The young man smiled and shook his head. "You are scarcely likely to encounter me, monsieur," he answered. "I shall be busy amongst the poor and sick, or at work within the monastery. I shall remember you--but I do not think that we shall meet again."
"By what name should I ask for you if I came across any of your order?"
said Brian.
"I am generally known as Dino Vasari, or Brother Dino, at your service, monsieur," replied the Italian, cheerfully. "If, in your goodness, you wished to inquire after me, you should ask at the monastery of San Stefano, where I spend a few weeks every year in retreat. The Prior, Father Cristoforo, is an old friend of mine, and he will always welcome you if you should pass that way. There is good sleeping accommodation for visitors."
Brian took the trouble to make an entry in his note-book to this effect.
It turned out to be a singularly useful one. As they were reaching Mainz something prompted Brian to ask a question. "Why did you speak to me this afternoon?" he said, the morbid suspiciousness of a man who is sick in mind as well as body returning full upon him. "You do not know me?"

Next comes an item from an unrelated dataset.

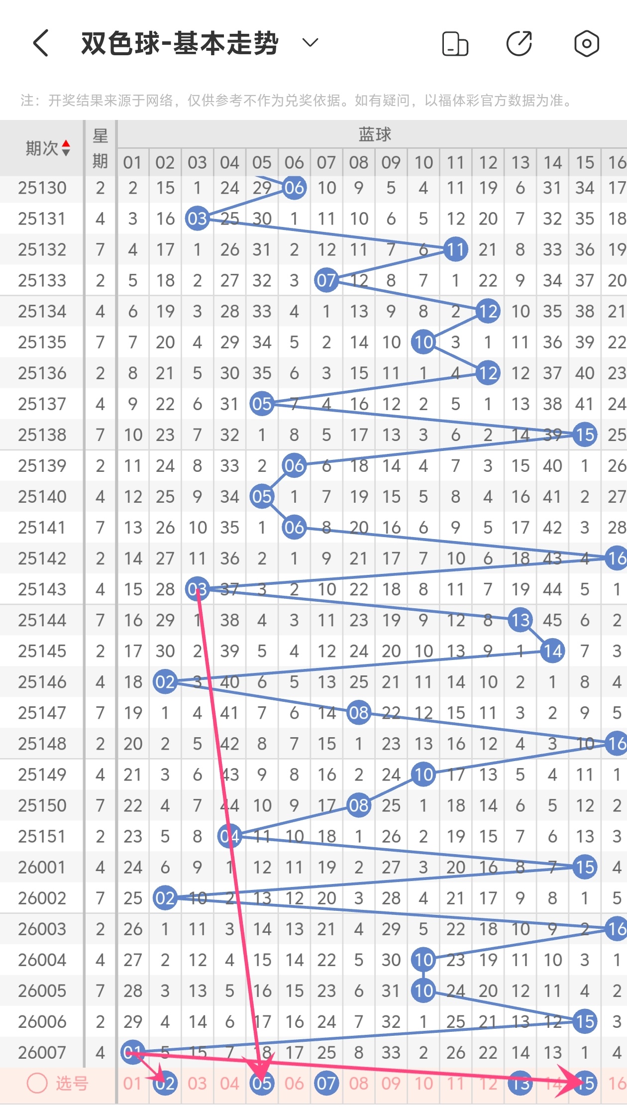 下面双色球的蓝球走势图分析:
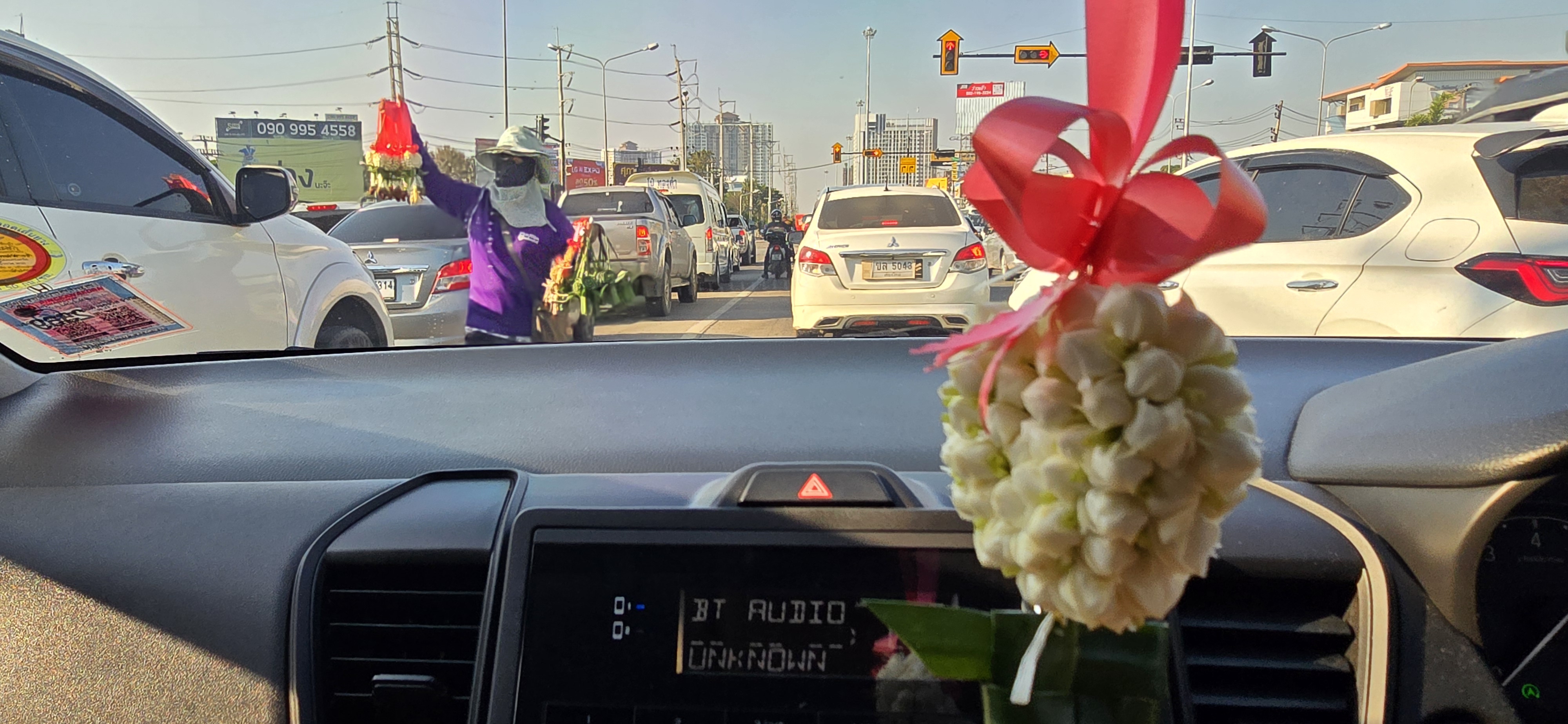 차가 너무 막혀서 오토바이 택시 탐.

"No, monsieur, I do not know you." The ecclesiastic's pale brow flushed; he even looked embarrassed. "Monsieur," he said at last, "you had the appearance--you will pardon my saying so--of one who was either ill or bore about with him some unspoken trouble; it is the privilege of the Order to which I hope one day to belong to offer help when help is needed; and for a moment I hoped it might be my special privilege to give some help to you."

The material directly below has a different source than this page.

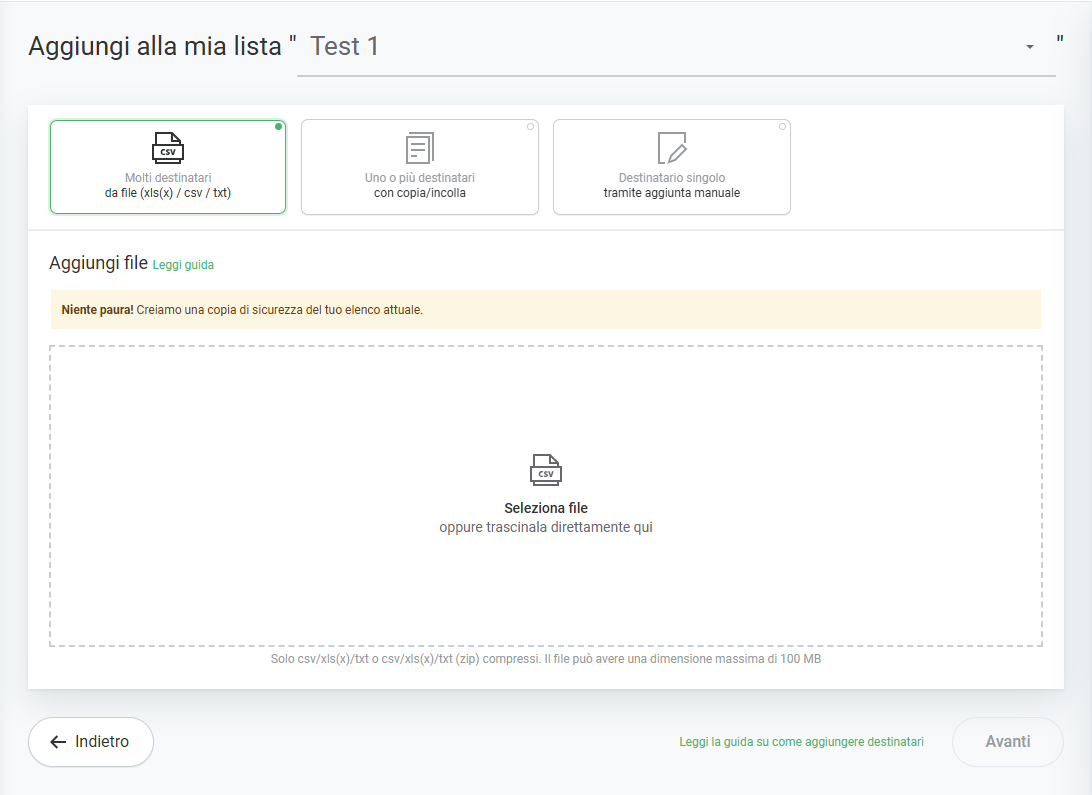 Seleziona "Molti destinatari", carica il file CSV e clicca su "Avanti":
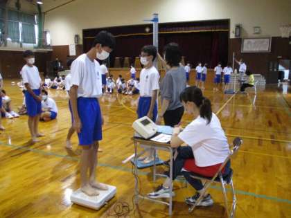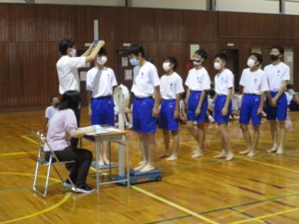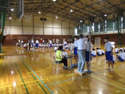 今日は全学年で発育測定を行いました。写真は2限の体育館の様子です。2年生男子が身長と体重を測定しています。1学期からどれだけ身長が伸びたでしょうか。

"Why did you think so?" Brian asked, hastily. "You did not know my name?"
The Italian cast down his eyes. "Yes, monsieur," he said in a low tone, "I did know your name."
Brian started up. He did not stop to weigh probabilities; he forgot how little likely a young foreign seminarist would be to hear news of an accident in Scotland; he felt foolishly certain that his name--as that of the man who had killed his brother--must be known to all the world!
It was the wildest possible delusion, such as could occur only to a man whose mind was off its balance--and even he could not retain it for more than a minute or two; but in that space of time he uttered a few wild words, which caused the young monk to raise his dark eyes to his face with a look of sorrowful compassion.
"Does everyone know my wretched story, then? Do I carry a mark about with me--like Cain?" Brian cried aloud.
"I know nothing of your story, monsieur," said Brother Dino, as he called himself, after a little pause, "When I said that I knew your name, I should more properly have said the name of your family. A gentleman of your name once visited the little town where I was brought up." He paused again and added gently, "I have peculiar reasons for remembering him. He was very good to a member of my family."
Brian had recovered his self-possession before the end of the young priest's speech, and was heartily ashamed of his own weakness.
"I beg your pardon," he said, sinking back into his seat with an air of weariness and discouragement that would have touched the heart of a tender-natured man, such as was Brother Dino of San Stefano. "I must be an utter fool to have spoken as I did. You knew my father, did you? That must be long ago."